# better blower or NOS for 01 frontier s/c



## blownfrontier01 (Oct 10, 2003)

i have a 2001 frontier with the supercharged v-6 and a 5-speed. i want to know if there is a better supercharger on the market for my truck. i found an aftermarket pulley for the stock blower snout, but it only gives an extra 3 psi of boost. i was hoping to find more than just an extra 3 psi. I also want to know what brand/system of nitrous would be best for my truck? i want to find a system that will give at least 50-75 hp without damaging my engine, but i'd like to get about 100hp out of the nos. any other performance parts that are known for the supercharged frontiers i would like to know about because i want power!!!


----------



## sentraspeed (Mar 26, 2003)

well you gotta understand 3 psi would do alot for that truck with the right other mods...with some headers with a bigger exhaust... maybe some cams and all that that motor would rock your world with and extra 3 lbs...just shoving alot of air into that truck wouldnt really do much with all the stock stuff on...and to touch on the nitrous...i truely believe that with a internally stock engine 100 shot will cause alot of damage...dont get me wrong nissan engines are great but alot of nitrous with out the properly tuned ingnition and fuel and youll blow it to smitherines...my boss has a 6 second 1/8 mile nova running a 200 shot he has over 60 thousand dollars in the engine itself so that will tell ya how much work is done to make cars fast...for a safe bet after you do all the bolt ons and boost the huffer alittle more then i would see if there is a ecu upgrade or a stand alone to work with the ecu before you go with the nitrous...and by the way 8it is nitrous not nawwwwwsssss...but thats my 2 cents


----------



## blownfrontier01 (Oct 10, 2003)

i do plan to get headers and a better exhaust, even though it already has a flowmaster, but one isn't enough. where would i be able to find the cams, ecu upgrase, or stand alone fuel system? i've been all over the internet and through magazines and cannot find but a few parts for this truck, so any advice on where to find parts would be greatly appreciated. i would also like to find maybe some intake manifolds or any ignition parts, basically anything to go faster.


----------



## king_johnthegreat (Apr 6, 2003)

ASP and Pulley Boys both make smaller pulleys for the truck, the smallest one available is a 2.3, I believe.

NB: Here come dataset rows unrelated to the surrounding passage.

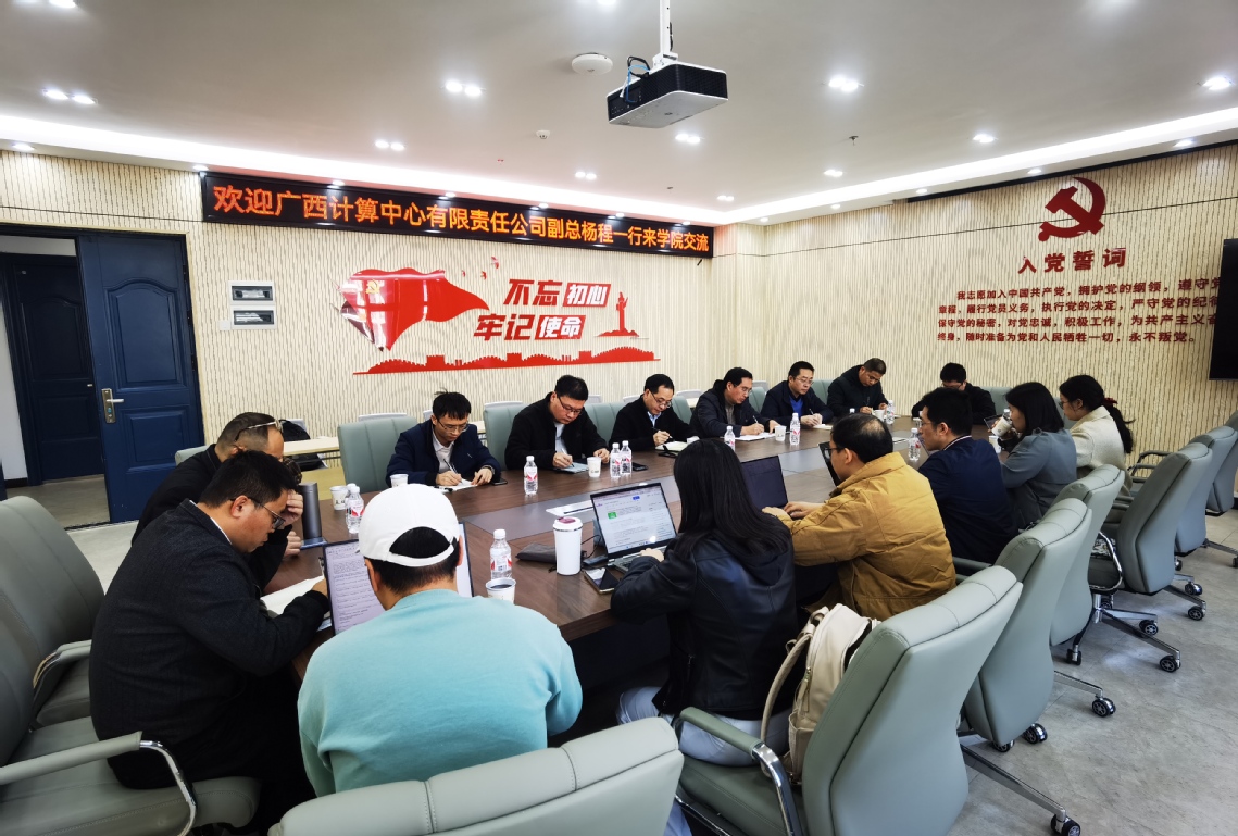 3月20日,广西计算中心有限责任公司副总经理杨程一行到数学与计算科学学院交流,学院相关负责人、教师代表,研究生院相关负责人及计算机与信息安全学院教师代表参加座谈。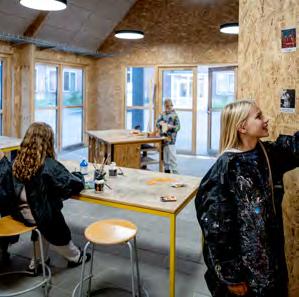 ningsbaseret børne- og læringssyn. Det bliver godt, når de ikke skal lykkes på trods af skolens rum og struktur, fordi vi får modet til at lade børne- og læringssynet manifestere sig i skolens indretning.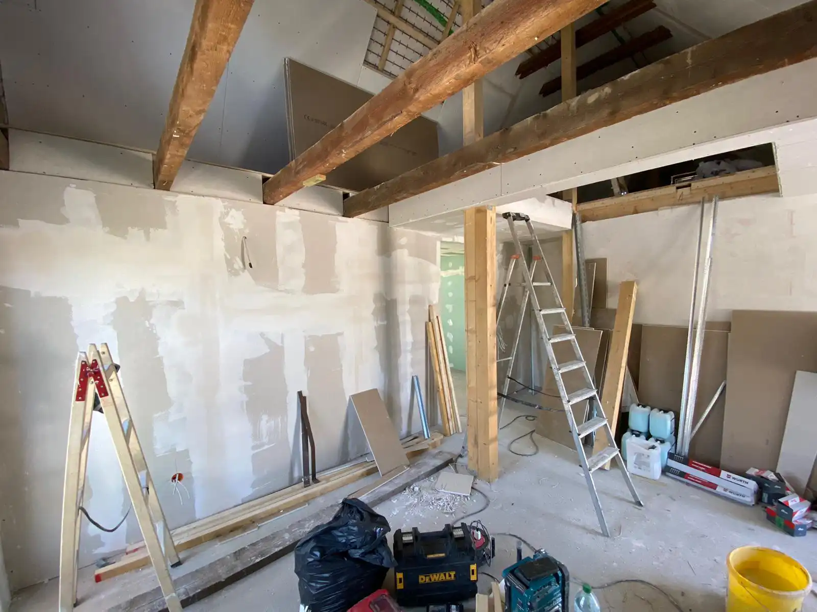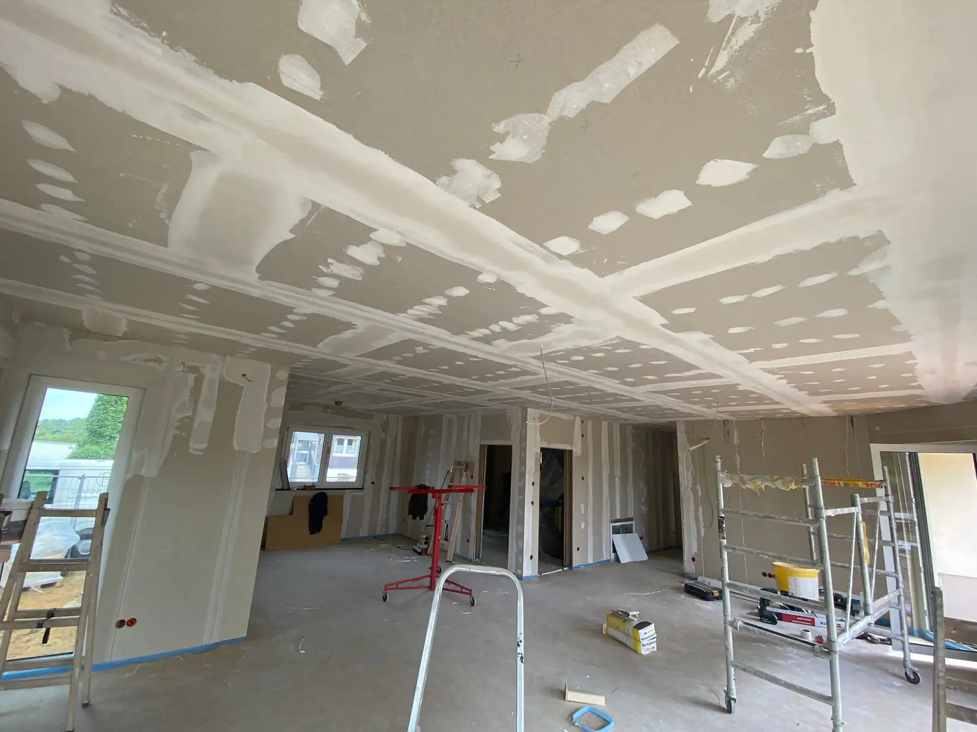 Durch Trockenbauwände entstanden großzügige, offene Wohnbereiche. Die Sanierung umfasste zusätzlich neue Bodenbeläge und eine optimierte Raumaufteilung für mehr Lebensqualität und Wohlfühlatmosphäre.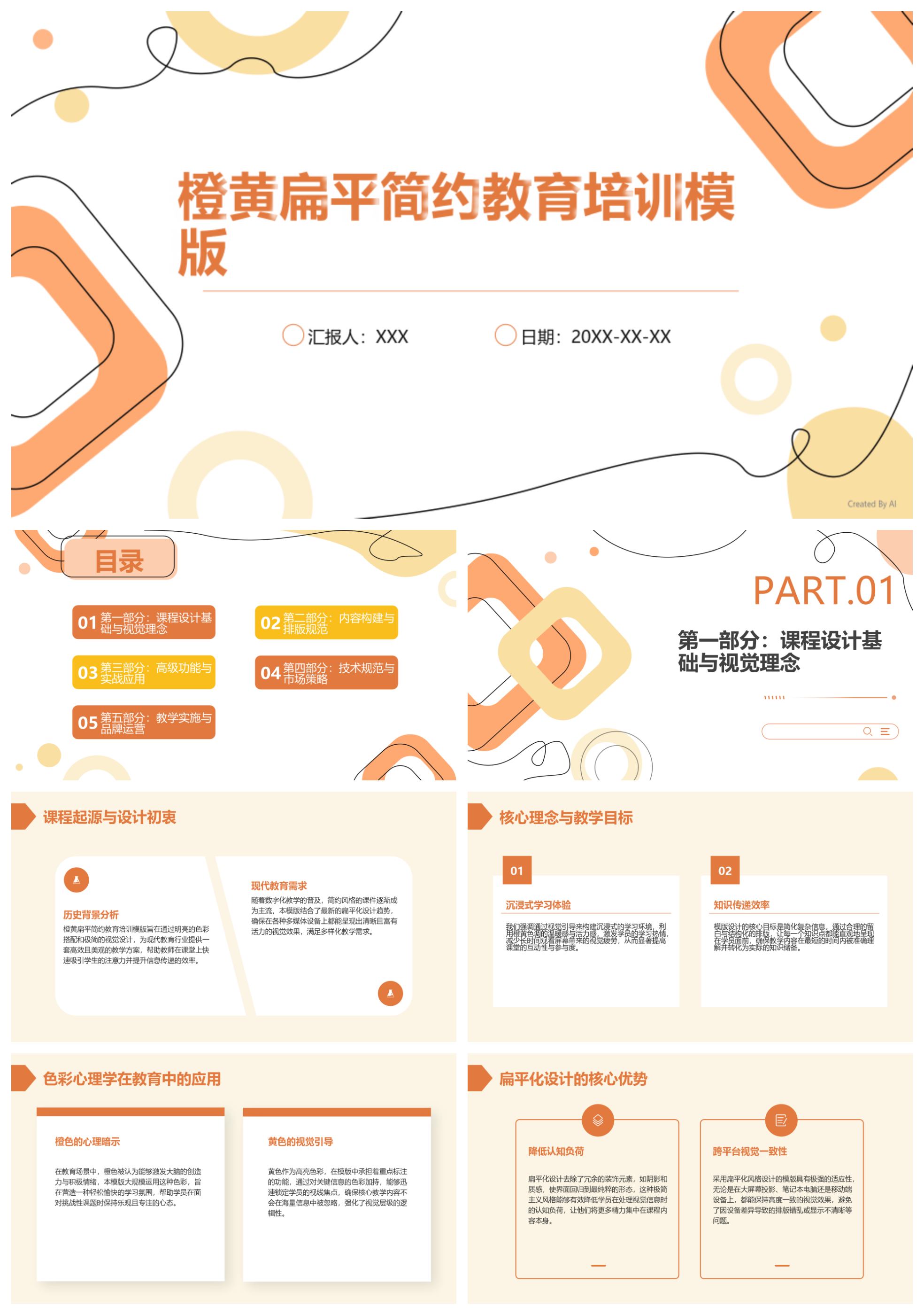 橙黄扁平简约教育培训模版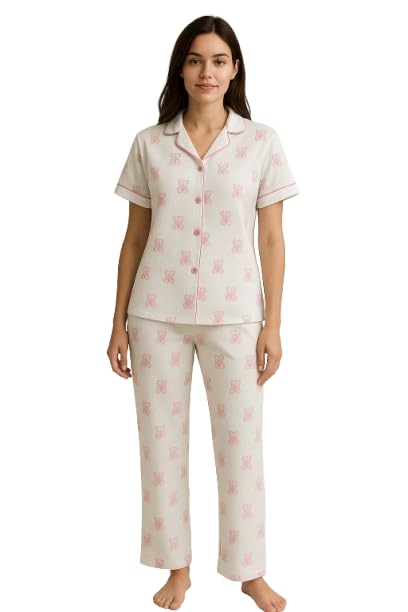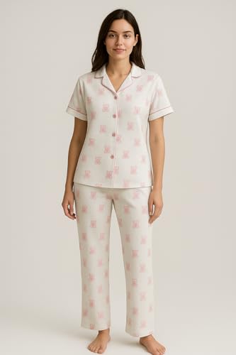 BONO بونو - طقم بيجامة للنساء من بونو، بلوزة باكمام قصيرة وبنطلون طويل، ابيض مع نمط بينك - 25191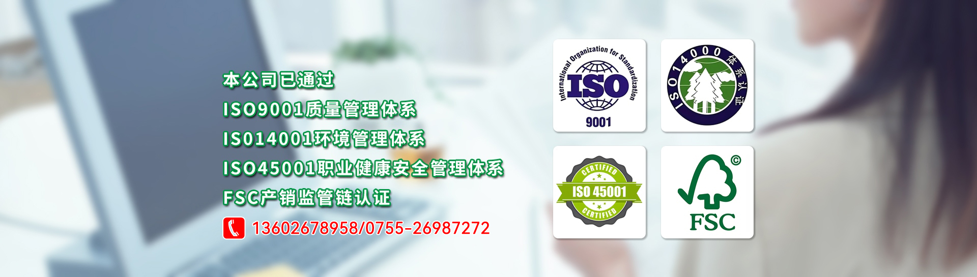 本公司已通過(guò):ISO9001質(zhì)量管理體系、IS014001環(huán)境管理體系、ISO45001職業(yè)健康安全管理體系、FSC產(chǎn)銷(xiāo)監(jiān)管鏈認(rèn)證!

SLR makes a larger bore throttle body/plate, as well as cams. There are NO ECU upgrades for the truck, as of yet, but I have schooled several on doing the A'PEXi S-AFC and S-AFC II installs for better fuel delivery. It is a shame, too, for the ECU upgrades; the truck suffers from the boost drop condition when smaller pulleys are installed. Often times people put one, and it triggers the ECU failsafe mode, limiting the SC to three pounds of boost, and sometimes only 2400 RPM. Some people are running around 13psi, though, without problems. The Aquamist 1S system is pretty popular withthe truck, as well. SLR makes headers (Crappy ones), as well. Hit up www.nissanfrontier.net, and look for the links page. There are forums there with tons of info, and the links page is great.

John


----------